At the conclusion of the study, all participants were healthy, with no severe infections, up to six years from the treatment. Researchers noted that because the ADA genes had sustained activity in the blood cells, the children’s growth and development has continued to improve.
The treatment is funded by the Italian non-profit Telethon Foundation, a major charity that raises and distributes funds in Italy for biomedical research on genetic diseases, and has recently attained Orphan Drug status from the European Medicines Agency (EMEA).
Cord Blood Mesenchymal Stem Cells for Acute Renal Failure Repair [Abstract #282]
As scientists continue to discover new applications for human stem cells, they are targeting diseases with a significant need for more efficacious treatment options. Until recently, pharmacologic therapies for acute renal failure have been generally unsuccessful, so the potential therapeutic value of mesenchymal stem cells (MSCs) is particularly intriguing.
In this study, a team of researchers in Italy obtained MSCs from full-term umbilical cord blood to test their therapeutic value on renal tissue in mice with acute renal failure. The team successfully isolated MSCs from approximately 18 percent of the processed cord blood units, confirming the rate obtained by other stem cell studies. Testing of the MSCs also confirmed certain characteristics that help induce tissue repair, like the development of bone and cartilage.

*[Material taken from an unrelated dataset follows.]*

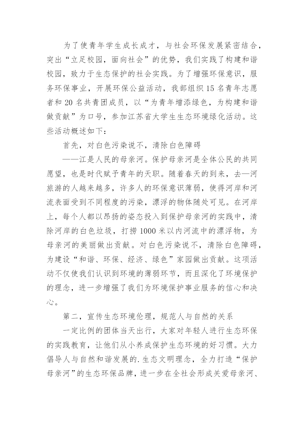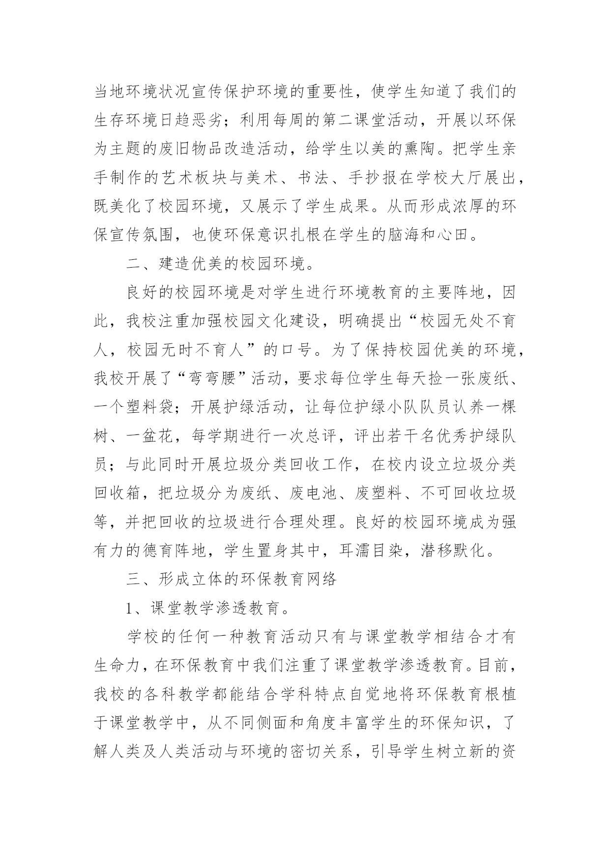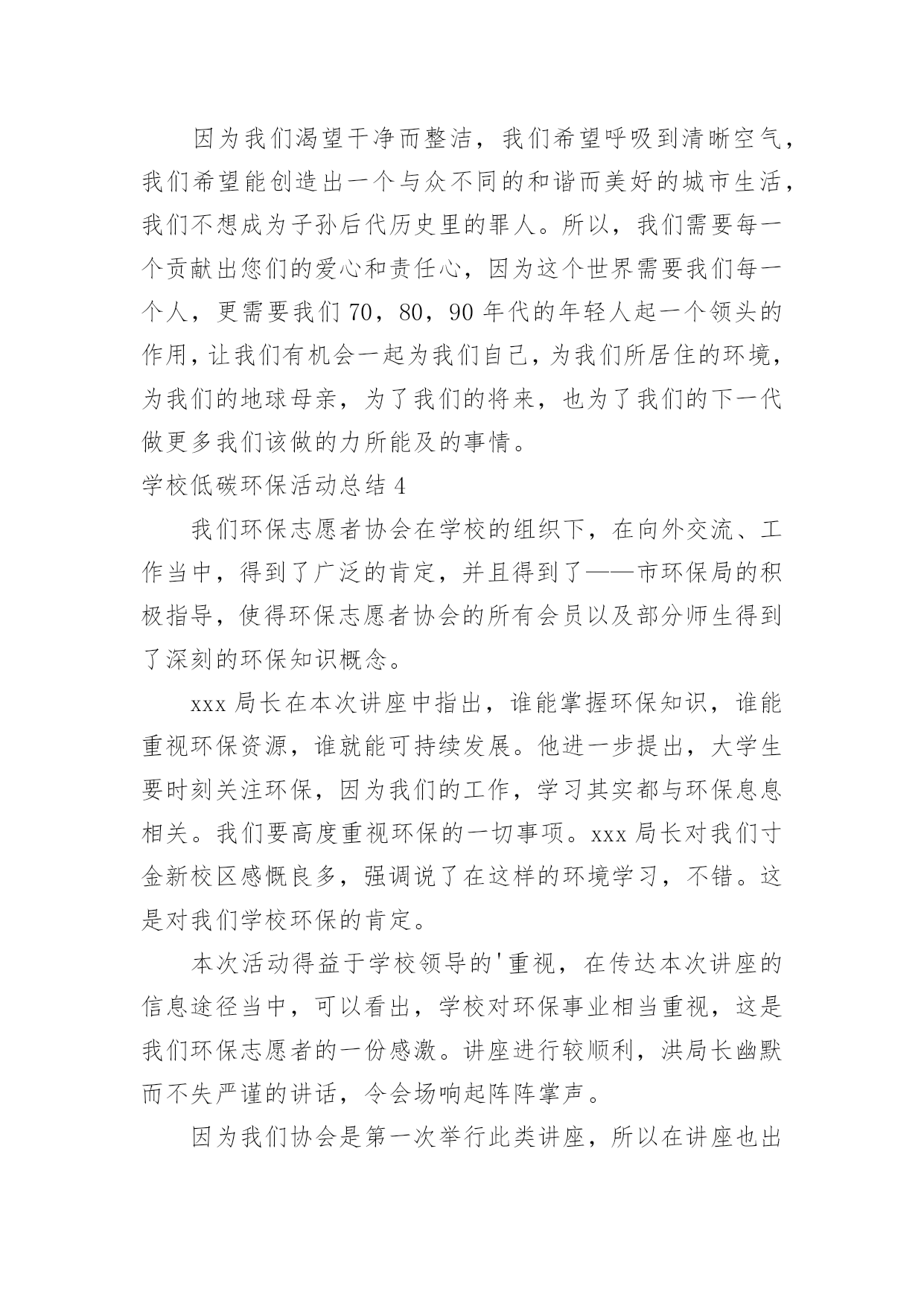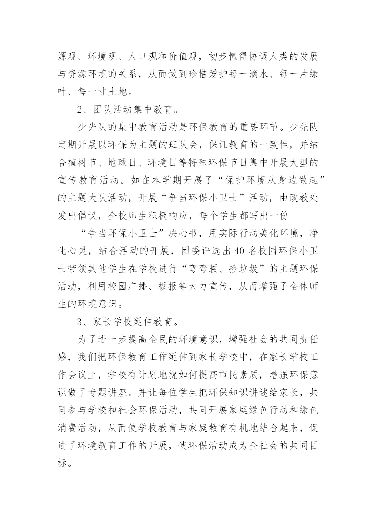 学校低碳环保活动总结学校低碳环保活动总结总结就是把一个时间段取得的成绩、存在的问题及得到的经验和教训进行一次全面系统的总结的书面材料,它能使我们及时找出错误并改正,不妨让我们认真地完成总结吧。那么你真的懂得怎么写总结吗?下面是小编精心整理的学校低碳环保活动总结,仅供参考,大家一起来看看吧。学校低碳环保活动总结1保护环境,是我们国家的一项基本国策,是实施可持续发展战略的重要内容。创建绿色学校,开展绿色教育,是环境教育的最佳途径,是学校开展素质教育的有效抓手。为此,我校专门成立了环境教育领导小组,以《全国环境宣传教育行动纲要》精神为指针,以环保教育课为主渠道,明确分工,强化责任,优化措施,把环境教育与绿色学校创建活动紧密结合,取得了阶段性成果:学生在创建绿色学校活动中能力得到了锻炼,知识得到了拓展,环保意识得到了增强,素质得到了全面提高。现把我校环保教育活动汇报如下:一、营造浓厚的宣传氛围。加强宣传教育是我们开展环保教育的主要途径,我校利用广播站、黑板报、手抄报、主题班会等形式开展系列宣传教育活动:如利用校园广播宣读环保知识,尤其结合乌什县当地环境状况宣传保护环境的重要性,使学生知道了我们的生存环境日趋恶劣;利用每周的第二课堂活动,开展以环保为主题的废旧物品改造活动,给学生以美的熏陶。把学生亲手制作的艺术板块与美术、书法、手抄报在学校大厅展出,既美化了校园环境,又展示了学生成果。从而形成浓厚的环保宣传氛围,也使环保意识扎根在学生的脑海和心田。二、建造优美的校园环境。良好的校园环境是对学生进行环境教育的主要阵地,因此,我校注重加强校园文化建设,明确提出“校园无处不育人,校园无时不育人”的口号。为了保持校园优美的环境,我校开展了“弯弯腰”活动,要求每位学生每天捡一张废纸、一个塑料袋;开展护绿活动,让每位护绿小队队员认养一棵树、一盆花,每学期进行一次总评,评出若干名优秀护绿队员;与此同时开展垃圾分类回收工作,在校内设立垃圾分类回收箱,把垃圾分为废纸、废电池、废塑料、不可回收垃圾等,并把回收的垃圾进行合理处理。良好的校园环境成为强有力的德育阵地,学生置身其中,耳濡目染,潜移默化。三、形成立体的环保教育网络1、课堂教学渗透教育。学校的任何一种教育活动只有与课堂教学相结合才有生命力,在环保教育中我们注重了课堂教学渗透教育。目前,我校的各科教学都能结合学科特点自觉地将环保教育根植于课堂教学中,从不同侧面和角度丰富学生的环保知识,了解人类及人类活动与环境的密切关系,引导学生树立新的资源观、环境观、人口观和价值观,初步懂得协调人类的发展与资源环境的关系,从而做到珍惜爱护每一滴水、每一片绿叶、每一寸土地。2、团队活动集中教育。少先队的集中教育活动是环保教育的重要环节。少先队定期开展以环保为主题的班队会,保证教育的一致性,并结合植树节、地球日、环境日等特殊环保节日集中开展大型的宣传教育活动。如在本学期开展了“保护环境从身边做起”的主题大队活动,开展“争当环保小卫士”活动,由政教处发出倡议,全校师生积极响应,每个学生都写出一份“争当环保小卫士”决心书,用实际行动美化环境,净化心灵,结合活动的开展,团委评选出40名校园环保小卫士带领其他学生在学校进行“弯弯腰、捡垃圾”的主题环保活动,利用校园广播、板报等大力宣传,从而增强了全体师生的环境意识。3、家长学校延伸教育。为了进一步提高全民的环境意识,增强社会的共同责任感,我们把环保教育工作延伸到家长学校中,在家长学校工作会议上,学校有计划地就如何提高市民素质,增强环保意识做了专题讲座。并让每位学生把环保知识讲述给家长,共同参与学校和社会环保活动,共同开展家庭绿色行动和绿色消费活动,从而使学校教育与家庭教育有机地结合起来,促进了环境教育工作的开展,使环保活动成为全社会的共同目标。四、取得了阶段性成果:1、环境意识增强。在环境知识获得的基础上,引导学生从思想上、情感上重视环境、关心环境、爱护环境,进而形成对待环境的正确态度。在校环保队成立之初,我们对校环保队员进行环境意识调查,从调查结果显示,学生对环境的认识是模糊的,环境意识是淡薄的,他们只是被动地接受别人的观点。经过实践,学生的'环境意识增强了。2、环境行为到位。通过环境教育,使学生认识到环境保护是个长期行为,只有每个人的积极参与,我们生存的环境才有可能得到有效的保护。引导学生参与校内外环境活动,学生用自己的行为去证明自己是环保小卫士,做到全员参与、全程参与,养成不随地丢纸屑的好习惯。班班进行垃圾分类,把垃圾变卖后的钱积攒起来,进行爱心活动。学生对社会对他人有了责任感,更积极地参与了社区的环保行动。通过全校师生的共同努力,目前我们已做到了"环境教育在学校,环境意识进家庭,环境行动到社会"。我们认为,孩子们既是"绿色教育"的受教育者,也是向成人进行"绿色教育"的

Ten immunocompromised mice with acute renal failure received either cord blood MSCs or intravenous saline (control) and were evaluated for renal function and histology. Renal tissue was evaluated at day four and assigned a score (0-3) measuring the level of damage.
The MSCs significantly protected the mice from renal function impairment at day four, which was noted by reduced levels of blood urea nitrogen (a waste byproduct caused by kidney malfunction) from 115 mg/dl (saline) to 64 mg/dl (MSCs). Tissue damage was also reduced in the stem cell-treated mice (score of 0.5) compared to saline-treated mice (score of 1.0) as demonstrated by Marina Morigi, PhD, of Mario Negri Institute of Pharmacological Research in Bergamo, Italy, who conducted the in vivo study.
“These preliminary results indicate that human mesenchymal stem cells do exhibit reparative potential in acute renal failure,” said Lorenza Lazzari, PhD, of the Cell Factory, Department of Regenerative Medicine at Fondazione Policlinico in Milano, Italy, and lead author of the study. “With more evidence demonstrating their value in human subjects, the unique therapy of human stem cells may offer patients with renal failure a safer and more effective way to combat the illness.”
This study was sponsored by European Community.
The American Society of Hematology (http://www.hematology.org) is the world’s largest professional society concerned with the causes and treatment of blood disorders. Its mission is to further the understanding, diagnosis, treatment, and prevention of disorders affecting blood, bone marrow, and the immunologic, hemostatic, and vascular systems, by promoting research, clinical care, education, training, and advocacy in hematology.